3 milliards d’euros pour le PIC

Le PLF 2022 prévoit également un "renforcement des dispositifs d’insertion pour les publics les plus fragiles". Ainsi, 1,3 milliard seront attribués à l’insertion par l’activité économique afin d’atteindre 240.000 contrats d’ici à fin 2022, et 425 millions pour financer des aides aux postes en entreprises adaptées. Le dispositif des emplois francs bénéficiera de 387 millions d’euros et 35 millions contribueront au financement de l’élargissement de l’expérimentation des "territoires zéro chômeurs de longue durée" prévu par la loi du 14 décembre 2020.

En matière de formation, le Plan d’investissement dans les compétences (PIC) s’arroge une enveloppe conséquente de 3 milliards d’euros dans le but de faire rentrer en formation 510.000 jeunes et demandeurs d’emploi peu qualifiés.

Plus accessoirement, 12 millions d’euros seront consacrés à l’accompagnement de la mise en œuvre des mesures en faveur de la santé et la prévention au travail prévu dans la loi du 2 août 2021.

 

Répartition des 500 millions d’euros de nouveaux crédits dans le cadre de la mission relance du plan de relance :

175 millions affectés à Pôle emploi (majoration de la subvention pour charge de service public).

110 millions pour la revalorisation de la rémunération des stagiaires de la formation professionnelle

215 millions pour le PIC (Plan d’investissement dans les compétences).

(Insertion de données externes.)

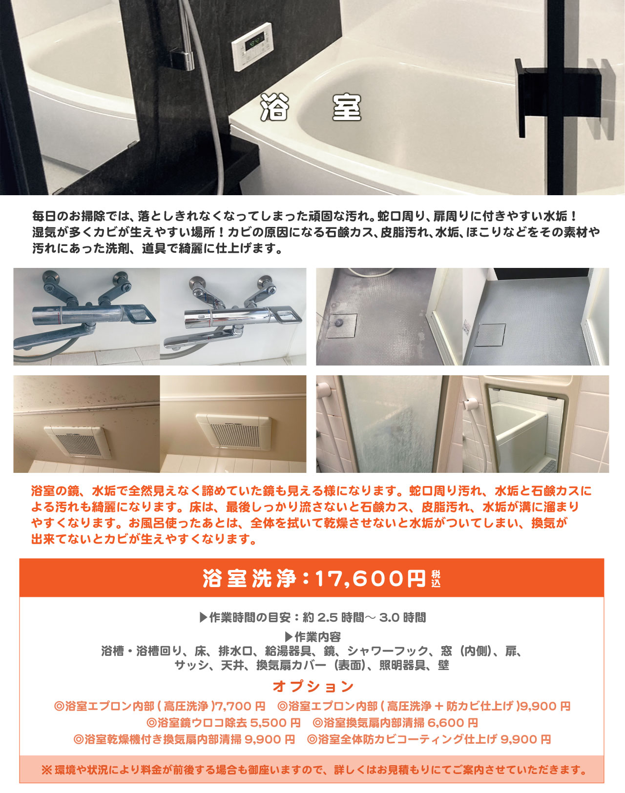 浴室 レンジフード エアコン キッチン トイレ・洗面所 定期清掃

Adaptation de mesures d’urgence en matière d’activité partielle

Lors du conseil des ministres du 22 septembre, la ministre du Travail a présenté une ordonnance portant adaptation de mesures d’urgence en matière d’activité partielle. Celle-ci précise que le bénéfice de l’activité partielle de longue durée (APLD) est ouvert aux salariés en contrat à durée déterminée au titre d’un emploi à caractère saisonnier dès lors qu’ils bénéficient d’une garantie de reconduction de leur contrat de travail (prévue par le contrat ou la convention collective) et aux salariés qui, à défaut d’une garantie de reconduction de leur contrat de travail, ont effectué ou sont en train d’effectuer au moins deux mêmes saisons dans la même entreprise sur deux années consécutives.

L’ordonnance prolonge par ailleurs un certain nombre de mesures jusqu’au 31 décembre 2022 au plus tard : l’indemnité horaire minimale aux salariés à temps partiel et aux intérimaires, les dispositions relatives à la suspension de la majoration de l’indemnité d’activité partielle en cas de formation des salariés et les mesures relatives au placement en activité partielle de longue durée des salariés protégés.